Transcribe only the lines in the data below falling between the line with "03 ENLARGED PARTIAL" and the line with "Figure 2 Photograph", including those two lines, and leave out any picture.
═════ Provided data ═════
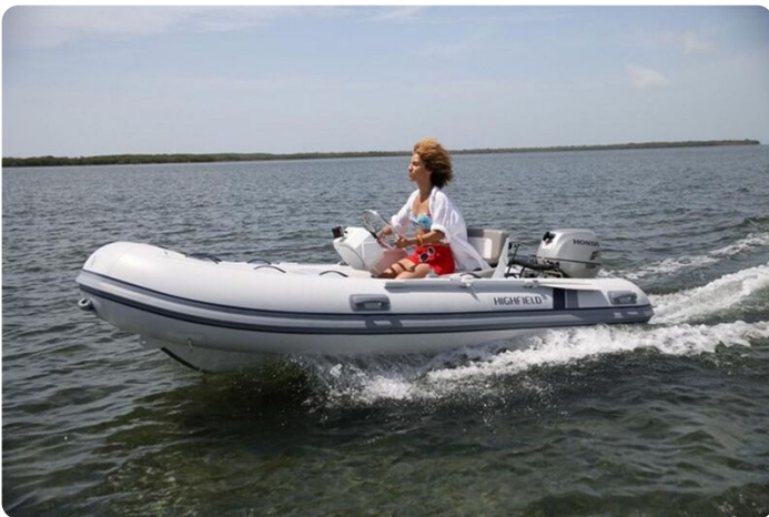
Highfield CL 260 aluminium RIB - on the water
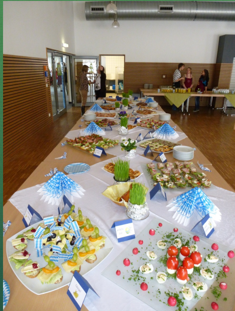
Fingerfood for the guests of the official welcome, made by students
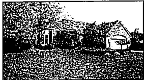
BLOOMFIELD HILLS ADDRESS and Birmingham Schools. Open floor plan with crown moldings, hardwood floors and loft. Living and family room fireplaces. Three bedrooms, 3 1/2 baths. Loaded with quality amenities. (644-6300)
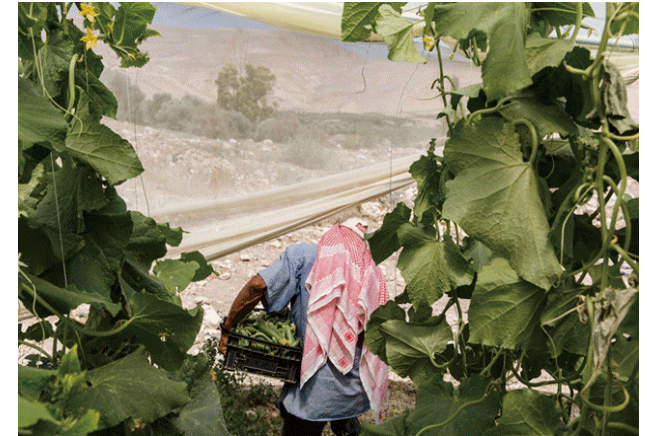
A farmer picks vegetables from a greenhouse in rural Jordan.

http://www.un.org/apps/news/story.asp?NewsID=56728#.WT4zsROGOu4
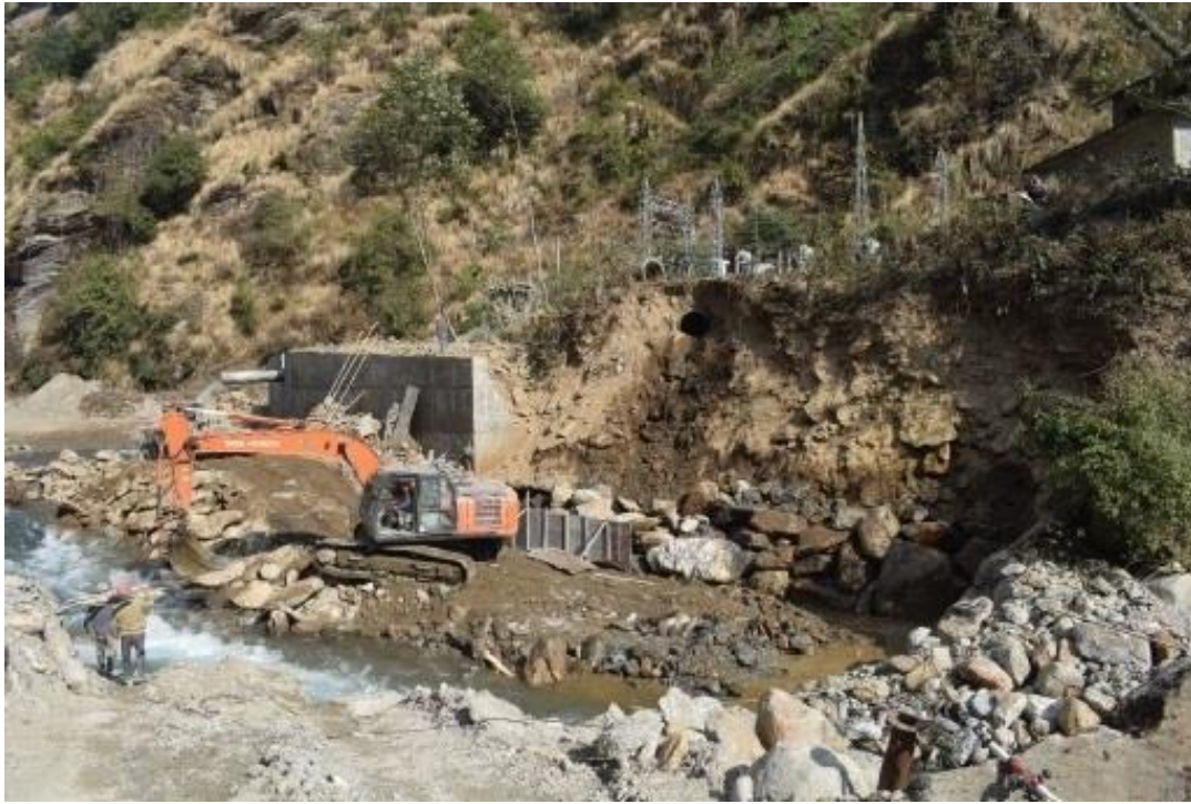
Figure 7: Construction of Retaining Wall for Siuri Diversion System
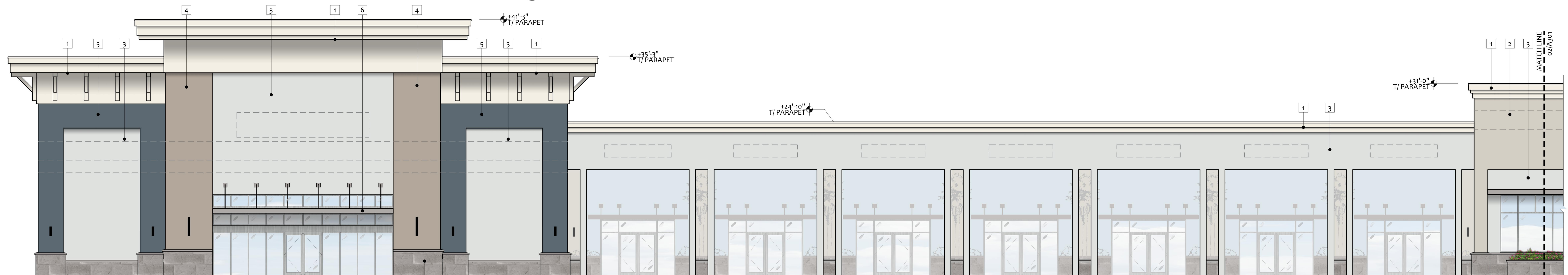
03 ENLARGED PARTIAL ELEVATION (EAST/FRONT) 1/8" = 1'-0"
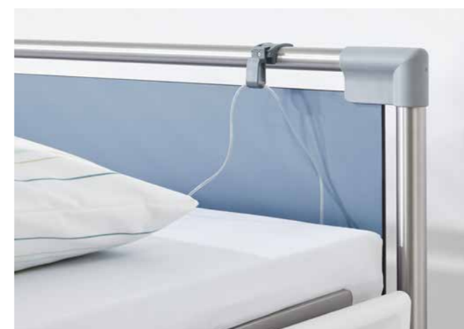
◀ The drainage tube holder can be attached to the handle bars of the head and footboards.
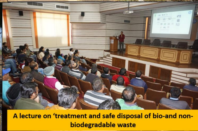
A lecture on 'treatment and safe disposal of bio-and non-biodegradable waste'

Cleanliness drive at a tourist spot and creating awareness on treatment & safe disposal of bio-degradable and non-bio-degradable wastes at ICAR-NIHSAD, Bhopal
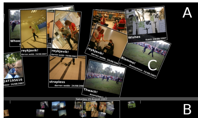
Figure 1. Screenshot of CityWall with Flickr content.

Interaction with the top part (A) of CityWall follows two interaction paradigms. Moving, scaling and rotation of content (C) follows direct manipulation principles: a user can grab an image by putting a hand on it. The photo follows the hand movements when the user shifts her hand. Rotation and scaling are possible by grabbing the photo at more
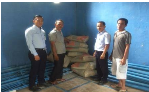
Handover material to Head Village of Kahuripan Baru
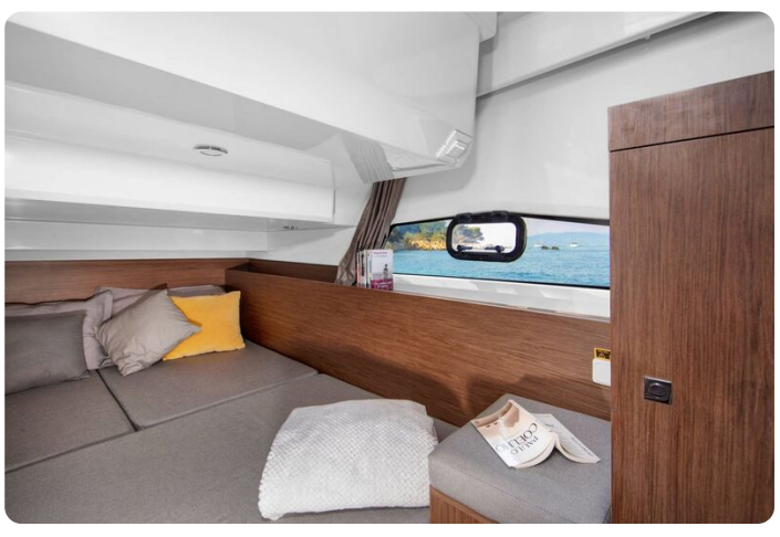
Jeanneau Merry Fisher 1095 Fly - 2nd cabin
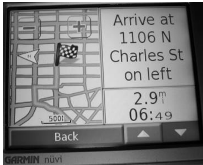
Figure 2 Photograph of Garmin GPS with directions to Brewer's Art.

GPS technology like the device shown in Figure 2 is widely used to determine the most direct route to a destination. Forensic examination of such devices can reveal the location of an individual when a crime was committed.
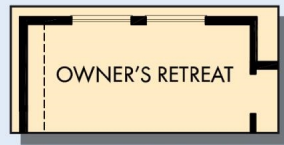
OPTIONAL EXTENDED OWNER'S RETREAT

1,853 - 1,901 sq. ft. • 3 Bedrooms • 2 Full Baths • 2 Car Garage
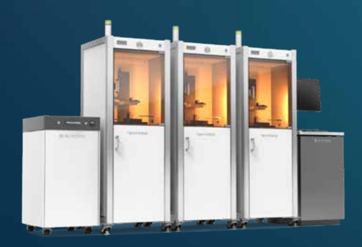
Figure 4 3D printing is ideal for when you require high-speed, high-volume 3D printing of smaller-sized production-grade clear parts. In addition to print speed, Figure 4 maximizes productivity with a short post-cure step that does not require thermal curing. You can also densely pack or nest parts into the build chamber in the most convenient orientation without sacrificing part isotropic properties.
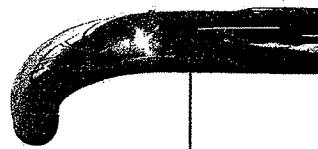
Side Bar(one side)

Part Number: 209007-2 Date: 03 2010 Serial Number: AR0000003040
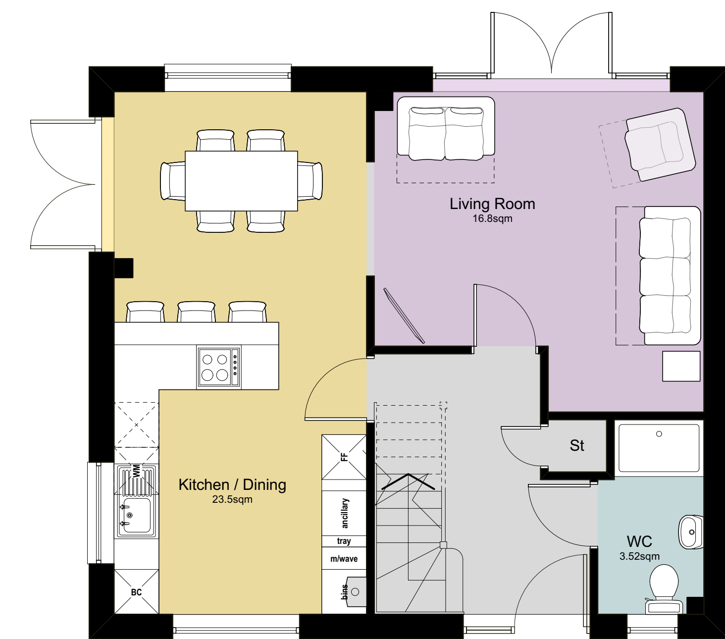
Scale 1:50 @A1
═════
• Solution
03 ENLARGED PARTIAL ELEVATION (EAST/FRONT) 1/8" = 1'-0"
◀ The drainage tube holder can be attached to the handle bars of the head and footboards.
A lecture on 'treatment and safe disposal of bio-and non-biodegradable waste'

Cleanliness drive at a tourist spot and creating awareness on treatment & safe disposal of bio-degradable and non-bio-degradable wastes at ICAR-NIHSAD, Bhopal
Figure 1. Screenshot of CityWall with Flickr content.

Interaction with the top part (A) of CityWall follows two interaction paradigms. Moving, scaling and rotation of content (C) follows direct manipulation principles: a user can grab an image by putting a hand on it. The photo follows the hand movements when the user shifts her hand. Rotation and scaling are possible by grabbing the photo at more
Handover material to Head Village of Kahuripan Baru
Jeanneau Merry Fisher 1095 Fly - 2nd cabin
Figure 2 Photograph of Garmin GPS with directions to Brewer's Art.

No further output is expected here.